Я думал и о своей роли в этом деле, — мой голос решил все. Не согласись я с Фомичевым, и Логинов был бы принят… Я старался понять, что же все-таки меня так беспокоит. В конце концов мы договорились, что после боя Логинов снова сможет подать заявление, и тогда ему не будет отказано… Нет, конечно, дело было не только в этом. Где-то, в глубине души, я понимал, что поступил не по собственному глубокому убеждению, а потому, что не хотел спорить с Фомичевым. Поэтому-то я так и накричал на Муромцева… И сейчас, лежа в пустом холодном блиндаже, прислушиваясь к редким разрывам мин, я продолжал вести разговор, которому так и не суждено было завершиться. Хотя я уже лейтенант, а Муромцев был всего старшим сержантом, но на самом деле он был во многом опытнее меня. Конечно, я окончил училище и лучше мог рассчитать точность огня батареи, решить тактическую задачу, но когда дело касалось людей, их судеб, тут уж точность решений Муромцева во много раз перекрывала мою.

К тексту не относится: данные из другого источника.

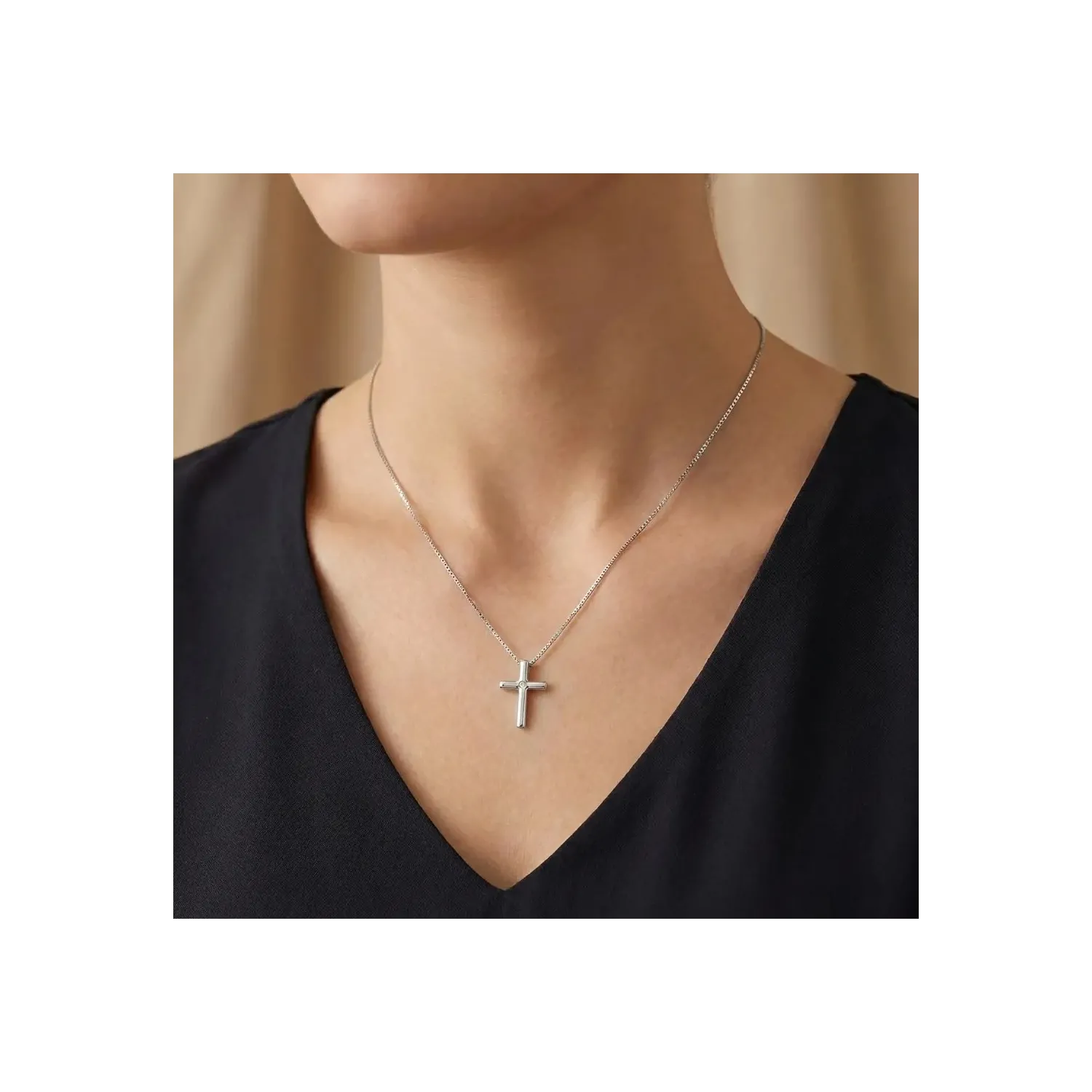 Diese elegante Halskette aus 18-karätigem Weißgold besticht durch ihr klassisches und raffiniertes Design und ist ein symbolträchtiges und zeitloses Schmuckstück. Der kreuzförmige Anhänger mit seinen klaren, modernen Linien trägt einen 0,01 ct großen Brillanten in der Mitte, der einen dezenten und kostbaren Akzent setzt. Die Halskette ist mit einer 40 cm langen Kette im venezianischen Stil ausgestattet, die für ihre einzigartigen quadratischen Glieder bekannt ist und so für Langlebigkeit und dauerhaften Glanz sorgt. Mit einem Gesamtgewicht von 2,60 Gramm verkörpert diese Halskette die höchste italienische Handwerkskunst und ist perfekt, um besondere Anlässe mit schlichter Eleganz zu feiern.

По Уставу внутренней службы — я был командиром и над Муромцевым, и над всеми своими солдатами, а по другому уставу — Уставу партии я был рядовым коммунистом. Сложность и мудрость этого кажущегося противоречия заключалась в том, что я учил и в то же время сам учился у своих солдат, учился тому, что приходит только с опытом жизни.
И вот Муромцев ушел… Я как-то не мог представить себе, что никогда больше не увижу его чуть сутулую фигуру, не услышу его прокуренный хриплый голос. Конечно, я очень к нему привык. У него были те качества, которых тогда еще не могло быть у меня. Он был терпелив с людьми, а я резок. Резкость и нетерпеливость я тогда считал своими достоинствами. В этом мне виделось подлинное проявление волевой натуры. Муромцев мог часами беседовать с человеком, просто сидеть на уступе окопа, курить и говорить о самых обыденных мелочах. Я же считал, что должен не говорить, а приказывать, а уж если и дойдет до разговора «по душам» (я был убежден, что время от времени мне следует разговаривать со своими солдатами по душам), командир обязан наставлять, внушать, учить уму-разуму, иначе как же быть с его авторитетом.
Поведение Муромцева не всегда было мне понятно. Иной раз я даже не совсем одобрительно относился к его бесконечным беседам. Но в ту ночь я почувствовал: что-то важное оставил Муромцев в моем сердце.
Так я и заснул, тяжелым, беспокойным сном. Близкие разрывы будили меня, но я плотней натягивал на голову шинель, переворачивался на другой бок и снопа погружался в полусон, в полудремоту, сковывающую тело, но не дающую отдыха. Мысли лениво ползут, и ты не можешь их остановить, на ухо давит жесткая ткань вещевого мешка, выполняющего роль подушки, а от полы мокрой шинели нестерпимо кисло пахнет грубой шерстью.
Не знаю, сколько времени я спал, вернее — вертелся на своем чертовски неудобном ложе, как вдруг почувствовал, что кто-то трясет меня за плечо.